Foreign doctors who cannot speak English are to be banned from working in NHS hospitals and clinics, the Health Secretary will announce today.The NHS will introduce mandatory language tests for doctors moving to Britain after training elsewhere in the European Union.
The decision follows a series of cases in which patients have died or suffered poor care as a result of doctors speaking sub-standard English.
The issue was brought to national attention three years ago when Dr Daniel Ubani, a German-trained GP on his first out-of-hours shift in Britain, killed David Gray, 70, by giving him 10 times the normal dose of diamorphine.
In his speech to the Conservative Party conference today, Andrew Lansley will say that the Medical Act will be amended so that doctors must speak good English to practise in Britain.

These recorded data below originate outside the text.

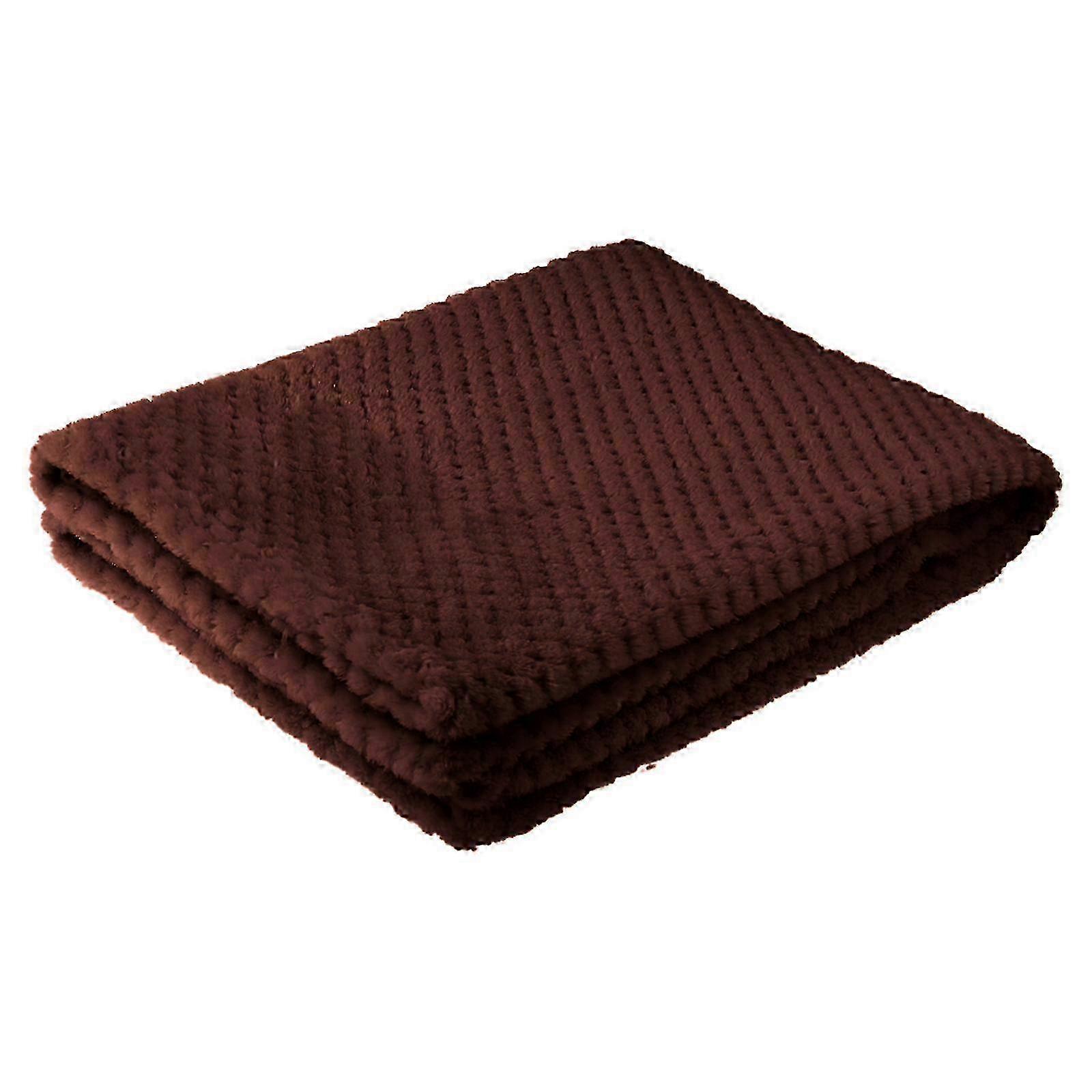 Thickened Solid Color Pineapple Grid Blanket Coral Fleece Lightweight Throw Blanket for Sofa Bed Winter Soft Warm Blanke 200x230cm Brown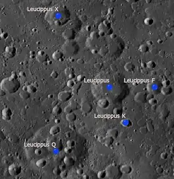 Por convención estos elementos son identificados en los mapas lunares poniendo la letra en el lado del punto medio del cráter que está más cerca de Leucippus.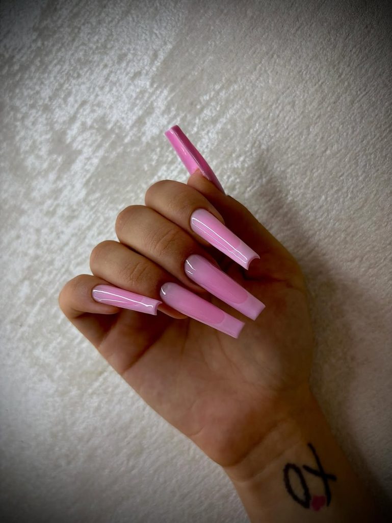 23. Long glossy pink coffin nails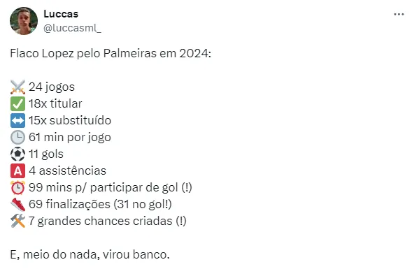 O que também vem chamando a atenção dos torcedores e rendendo críticas até mesmo a Abel Ferreira, é a ausência de Flaco López no time titular. O jogador vem perdendo espaço nos últimos jogos.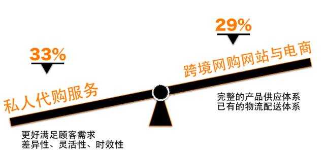 超过三成(33%)仍然选择“淘宝等网站上私人提供的代购服务”,选择其他两种消费方式的消费者比例略低,均为29%。尼尔森副总裁李昕认为,私人代购的存在空间主要得益于差异性,灵活性和时效性上。相对于完整的产品供应体系与物流体系,更全面地满足消费者需求似乎更受青睐。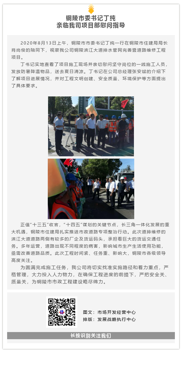 銅陵市委書記丁純親臨我司項目部慰問指導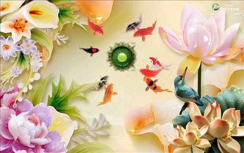 Bức tranh cá chép và hoa sen mang ý nghĩa 'dư dả liên tục', tượng trưng cho sự thanh cao và tinh khiết, giúp điều hòa khí vượng và ngăn chặn những điều xấu.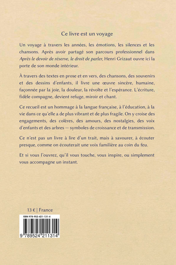 « Ma vie à cœur ou vers » est un voyage intime, poétique et musical à travers les saisons d’une vie. Henri Grizaut, ancien instituteur, chef d’établissement , et passionné de mots, nous livre ici un recueil de textes écrits au fil des années, inspirés par ses expériences, ses rencontres, ses colères, ses amours et ses rêves.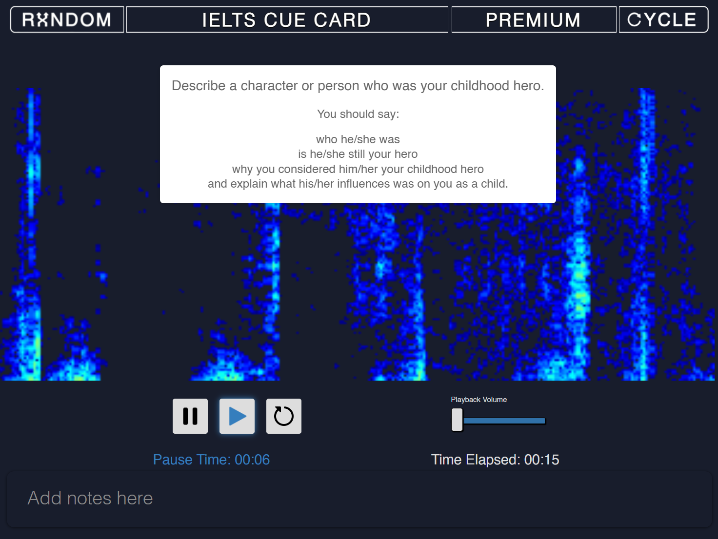 "RANDOM" button is located atop on the right and generates a random activity per page from all 30 types in random order. Each task is assigned a “weight” - a coefficient which defines how often a particular activity type should be repeated. For example, “random questions” activity has a high rate of occurrence, since there are thousands of questions within this activity, while “random advert” activity has fewer variations, and, considering its specificity, is designed to be displayed as infrequently as possible. Usage of the “random” button is suitable during continuous practice when the aim is not to work on all possible activity types available, but on the most methodologically and didactically valuable in each individual case. With “RANDOM” script it is possible to click on the title of the activity - the button between “RANDOM” and “CYCLE” buttons in order to generate the same activity over again. For example, it is possible to generate only Random IELTS cue card activity by clicking on the button “Random IELTS cue card” button at the top of the webpage. If a particular activity is undesirable at a certain time of practice or overly repetitive, it is recommended to simply skip this activity and load another.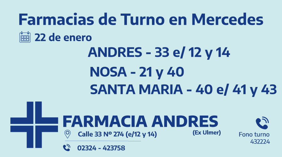 Desde las 8:30 del día de hoy hasta la misma hora de mañana las farmacias de turno en Mercedes son: Andrés, Nosa y Santa María.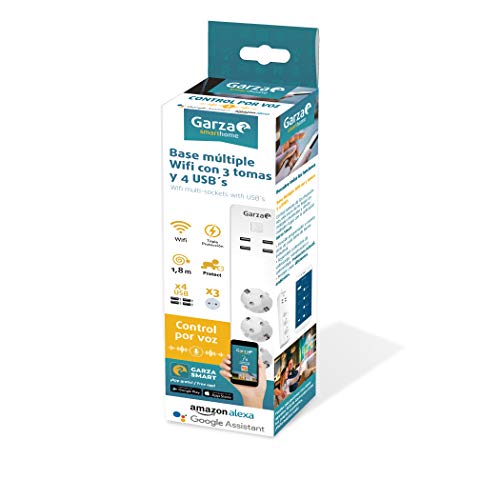 Garza SmartHome - Multipresa spina multiple intelligente Wi-Fi Compatibile con Alexa E Google home. Multipresa per controllo remoto programmabile con 4 USB. Compatibile con iOS E Android.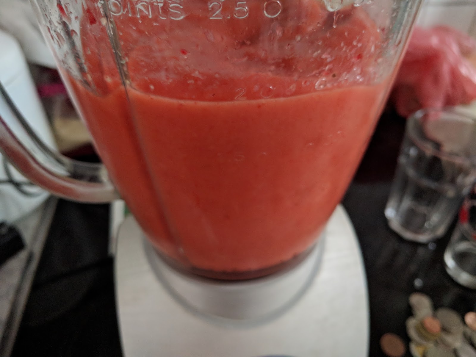 Die Kinder vermissen Thailand und fragen, wann wir wieder einen Smoothie trinken können. Da wir noch Obst haben mache ich mich sofort an die Arbeit. Erdbeer- Mango-Smoothie, quasi aus der Tiefkühltruhe. Schmeckt ziemlich gut, aber ich muss zugeben, die tropischen Temperaturen fehlen mir.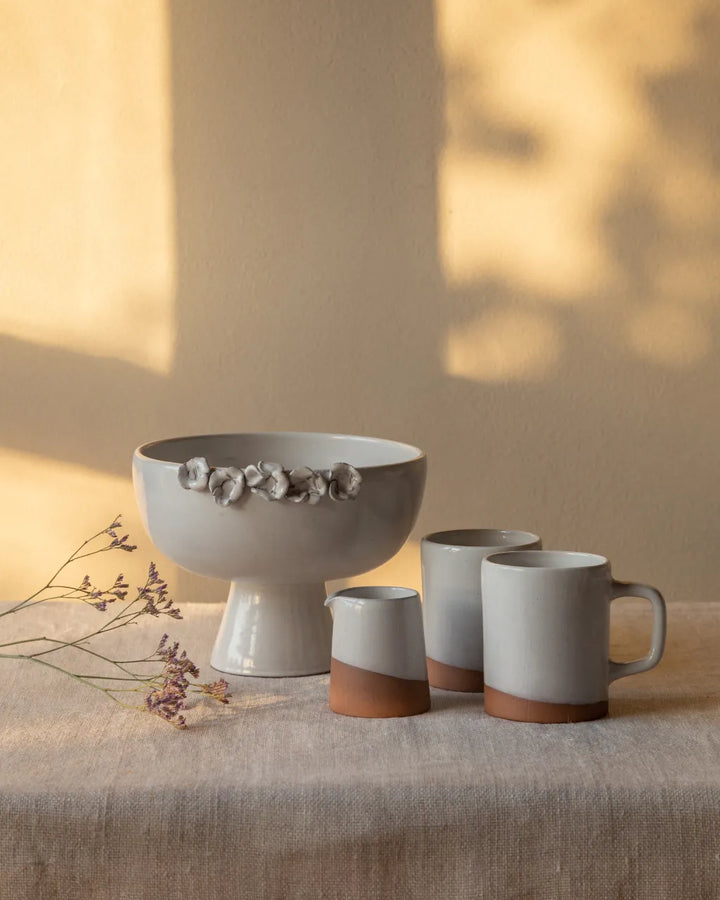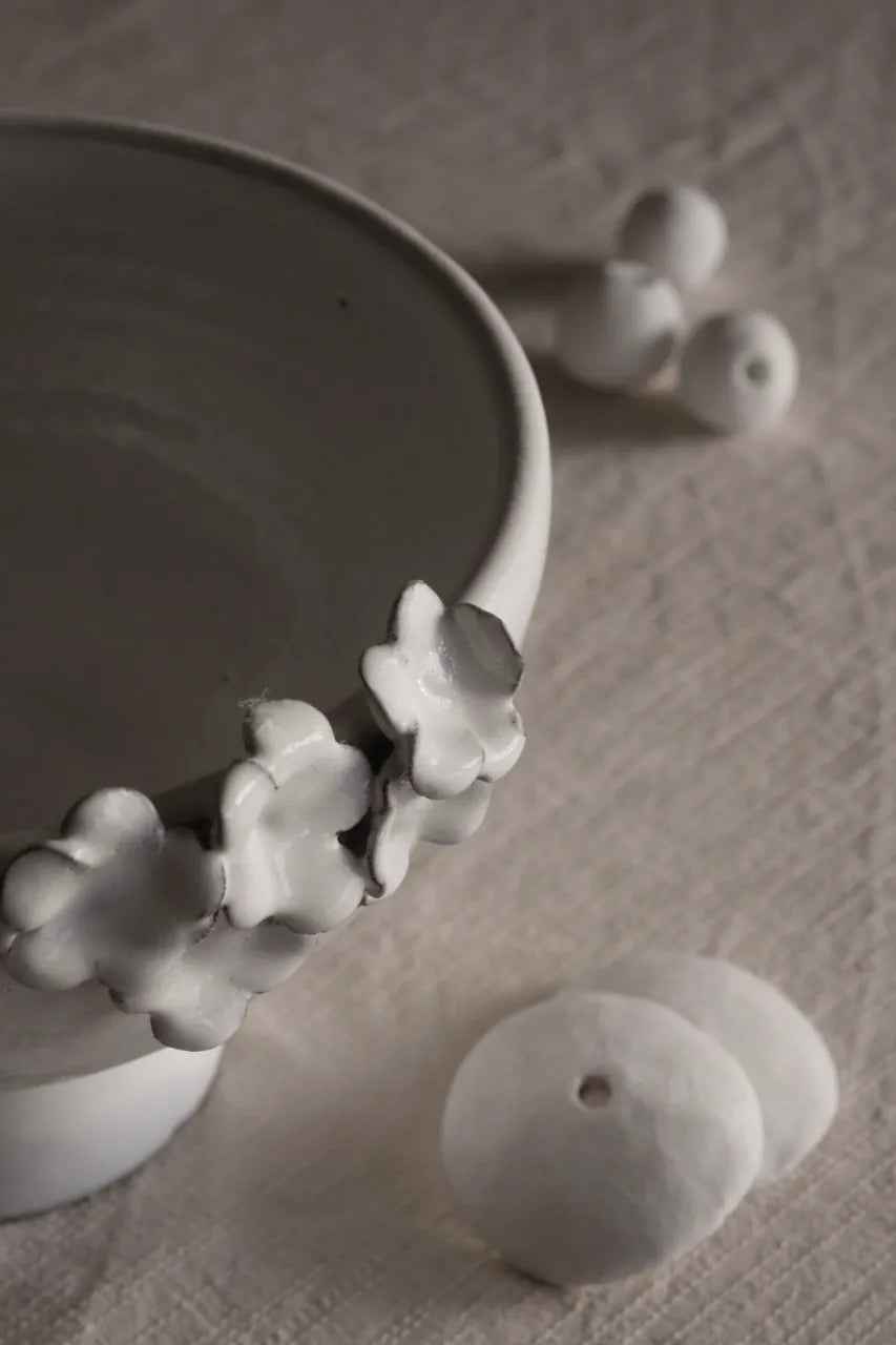 is a handcrafted white pottery bowl with a soft, rounded form. With a diameter of 18–20 cm, it’s perfect for serving, holding fruit, or simply living beautifully on display. Rooted in simplicity, it brings a grounded charm to your kitchen or dining area. 🔸 Handcrafted White Pottery 🔸 Diameter: 18–20 cm 🔸 Ideal for Everyday Serving 🔸 Organic, Rounded Shape. A simple memory of home—shaped in timeless ceramic.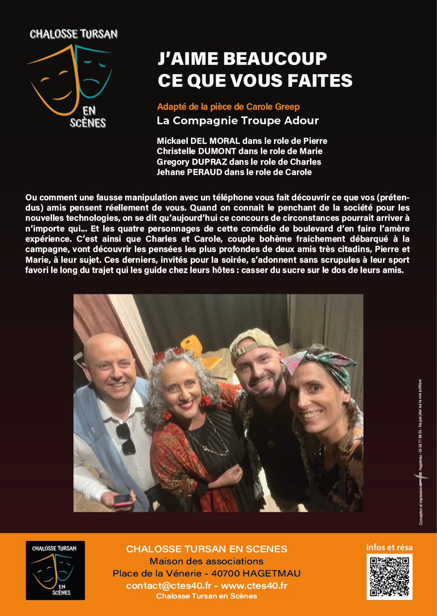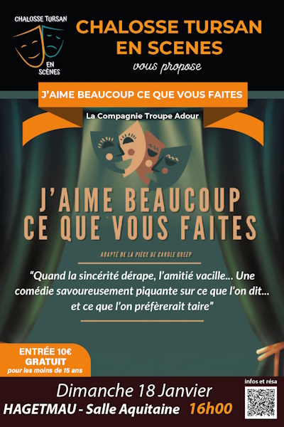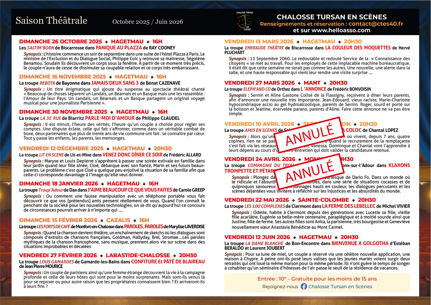 Chalosse Tursan En Scènes est une association basée à Hagetmau qui a pour but d’étudier et de réaliser les actions tendant à développer et à organiser l’animation artistique et culturelle du territoire en vous proposant diverses scènes de Théâtre…

“I am determined that doctors who come from overseas to work here in our NHS must not only have the right qualifications, but also the language skills to practise here,” the Health Secretary is expected to say. “We will amend the Medical Act to ensure that any doctor from overseas who can’t use a decent level of English is not able to treat NHS patients. This is not about discriminating; we’ve always appreciated how much overseas doctors and nurses give to our NHS. It is simply about our absolute commitment to put patients’ safety first.”
There are more than 88,000 foreign-trained doctors registered to work in Britain, including 22,758 from Europe. They account for almost a third of the total.
Under the proposals, local NHS trusts would have a duty to check the language skills of foreign-trained doctors before they can be employed. In addition, the General Medical Council would be given powers to take action against doctors when there were concerns about their ability to speak English. At present, only doctors from outside the European Economic Area are routinely scrutinised for their language skills before being registered by the GMC.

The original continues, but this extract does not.